Can a process escape a namespace?

In theory, namespaces provide strong isolation. In practice, kernel vulnerabilities have allowed namespace escapes. The risk is mitigated by combining namespaces with seccomp profiles (restricting system calls), dropped capabilities, and running containers as non-root. User namespaces add another layer by remapping root inside the container to an unprivileged user on the host.

What happens when a container exceeds its memory limit?

The kernel's OOM killer terminates the process. In Docker, the container exits with code 137 (128 + 9, meaning SIGKILL). You can check with docker inspect looking at the OOMKilled field. To prevent this, set memory limits with headroom and monitor memory.current relative to memory.max in the cgroup.

How do Docker and Kubernetes use cgroups?

Docker creates a cgroup for each container and writes the resource limits from --memory and --cpus flags into the appropriate cgroup files. Kubernetes does the same through resource requests and limits in pod specs. The kubelet translates these into cgroup settings. Both use cgroups v2 on modern systems.

What is the difference between cgroups v1 and v2?
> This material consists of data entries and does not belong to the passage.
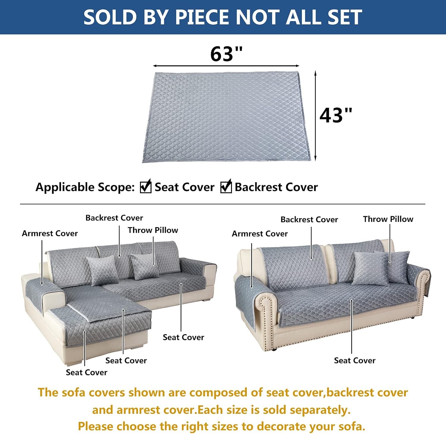 Eismodra Couch Cover,Sectional Couch Covers,Sofa Covers for 3 Cushion Couch,Anti-Slip Sofa Slipcovers for Dogs Cats Kids Loveseat Recliner L Shaped Armrest,Light Gray 43''x63''(Only 1 Piece)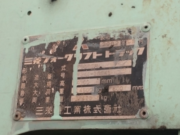 中古 15.0t フォークリフト ディーゼル メーカー:三菱 型式:FD150A 製番:F24A-10041 15.0ton, 4m-マスト 仕様 オートマティック・フォークシフト フォーク:2420mm Wタイヤ(エアー 2002年9月製 アワー:8290時間(写真よりも若干増えてます) 在庫地:大阪南港工場現状渡し 注意事項 ※運送時はマストを外さなければならない。 マスト解体費用は別途 お気軽にお問い合わせください。 |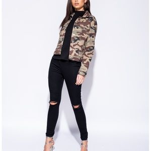 Denim jackets are a classic timeless piece & few things have the versatility of this denim mainstay! This camo jacket featuring button front detail can be teamed with skinny jeans & a bodysuit.

cgroups v1 uses separate hierarchies for each controller (CPU, memory, I/O are independent trees). cgroups v2 uses a single unified hierarchy where all controllers live in one tree. v2 also adds Pressure Stall Information (PSI) for monitoring resource contention and has a cleaner delegation model for unprivileged users.
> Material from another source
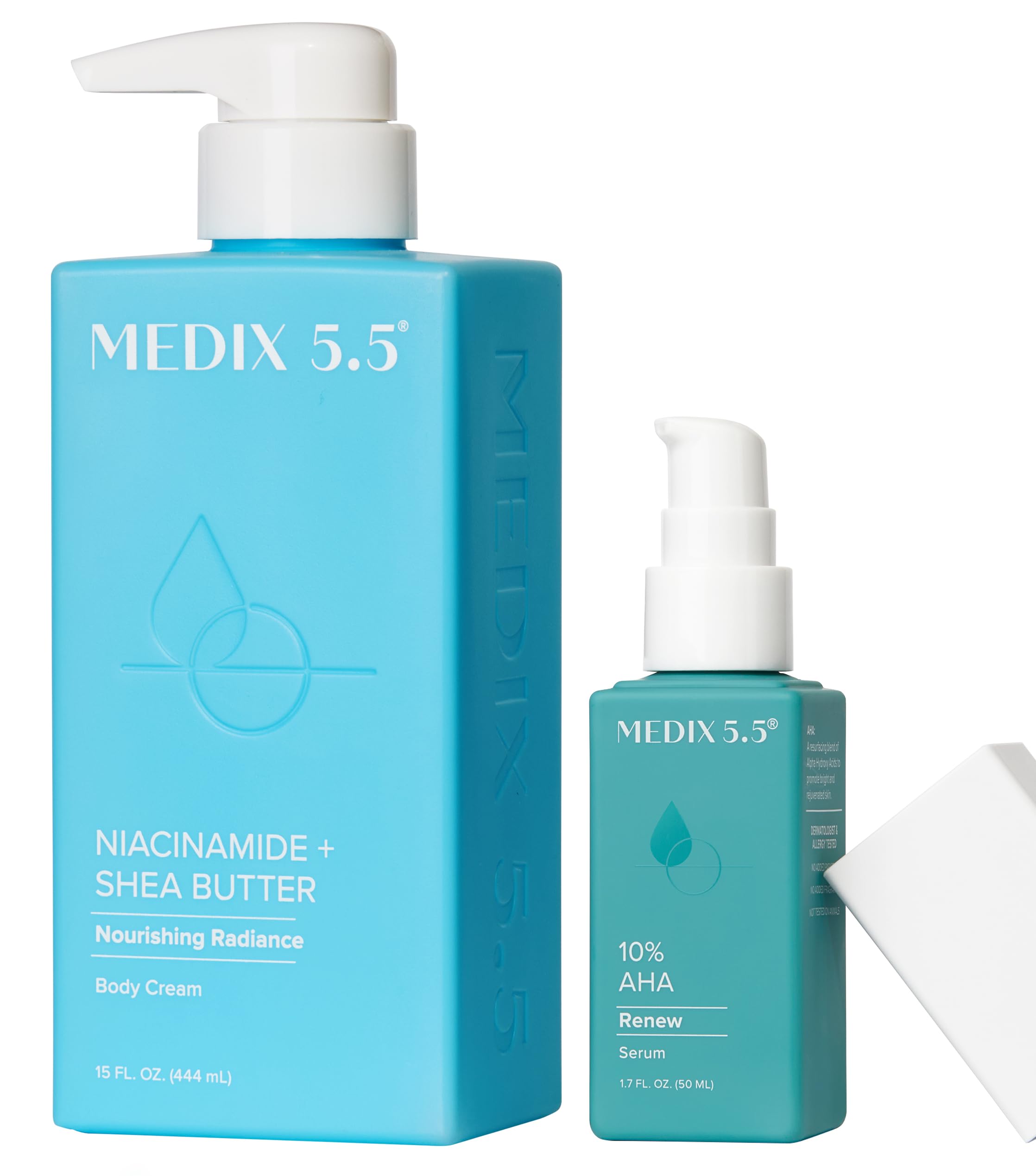 Experience radiant, velvety-soft skin with our Niacinamide Shea Butter Nourishing Radiance Body Cream. This lightweight, creamy formula helps minimize the look of pores, even out skin tone, and soften the appearance of fine lines and wrinkles—all while delivering rich moisture for a healthy, glowing complexion. Reveal radiant, smoother-looking skin from head to toe with our 10 AHA Renew Serum. This leave-on formula gently exfoliates to improve texture, even skin tone, and diminish the look of fine lines. Enriched with hydrating botanicals and antioxidants, it leaves your body feeling renewed, soft, and glowing. No added fragrance.RENEW, FIRM, RESTORE – Dermatologist-Tested, Clinically-Tested, Allergy-Tested. Non-Greasy Fast-Absorbing Formula, Fragrance Free, Cruelty Free. Free From: Mineral Oil, Parabens, Drying Alcohols, PEGs, Sulfates, Dyes. Manufactured in our cGMP MoCRA compliant facility in Chicago, USA. Whatever your skin type, Medix 5.5 has its natural solution. Restore a more youthful glow to your skin with the power of Niacinamide and scientifically proven formulas. EFFECTIVE EXFOLIATION – Formulated to provide an effective exfoliation without excessive irritation or sensitization of the skin, while not having to be rinsed off after being applied. Alpha Hydroxy Acid (AHA), Glycolic Acid, Phytic Acid, Lactic Acid all work together to gently resurface skin, clear pores, and boost collagen production making your skin feel smoother, feel more youthful, look more radiant. WHAT IS AN AHA? – Alpha Hydroxy Acids (AHA's) are chemical exfoliants, meaning they exfoliate the skin without rubbing or scrubbing. They are considered a gentle yet efficient way to remove dry skin, dead skin cells, and impurities that block your pores. Effective solution for those who have hardened skin, bumps, dull skin, uneven texture, uneven skin tone, rough areas, calluses, etc. FRAGRANCE FREE LOTION – This Non-Greasy Fragrance Free Niacinamide Cream Shea Butter Lotion absorbs easily into the skin and is rich enough to be a long-lasting body moisturizer, but also gentle enough to be used as daily facial moisturizer. Formulated to be safe for all skin types, including oily skin sensitive skin. Hydrate dull, lackluster skin with MEDIX Niacinamide Shea Butter Face Lotion Body Cream to help leave your skin looking smoother, firmer, more radiant. NIACINAMIDE BODY LOTION – Niacinamide is also known as vitamin B3, which works as a multi-functional skin care ingredient renowned for its antioxidant properties that helps prevent premature aging protect against environmental stressors. Niacinamide is known to strengthen the skin's natural barrier, minimize moisture loss, regulate oil production to help prevent breakouts, shrink enlarged pores, decrease dark spots, and promote a radiant complexion.

Can I use namespaces without Docker?

Absolutely. The unshare command creates namespaces, and nsenter enters existing ones. These are standard Linux tools. You can also use ip netns specifically for network namespaces. systemd-nspawn is another tool that creates lightweight containers without Docker. Even firejail uses namespaces for sandboxing desktop apps.

Why does my container see all host CPUs but is limited to some?

Namespaces don't virtualize /proc/cpuinfo -- the container sees all host CPUs. But the cgroup CPU controller limits how much time the container gets. This confuses runtimes like the JVM that read /proc/cpuinfo to size thread pools. Modern JVMs read cgroup limits directly. For others, set CPU-related environment variables manually.

Conclusion

Containers are namespaces plus cgroups plus a filesystem. That's the whole story. Namespaces isolate what a process can see (PIDs, network, mounts, hostname). Cgroups limit what a process can consume (CPU, memory, I/O). Once you internalize these two concepts, container behavior stops being mysterious. OOM kills make sense. Network isolation is predictable. Debugging becomes a matter of checking which namespace you're in and what cgroup limits are set. Try the unshare and nsenter commands on a test system -- building a container by hand is the fastest way to demystify what Docker does for you.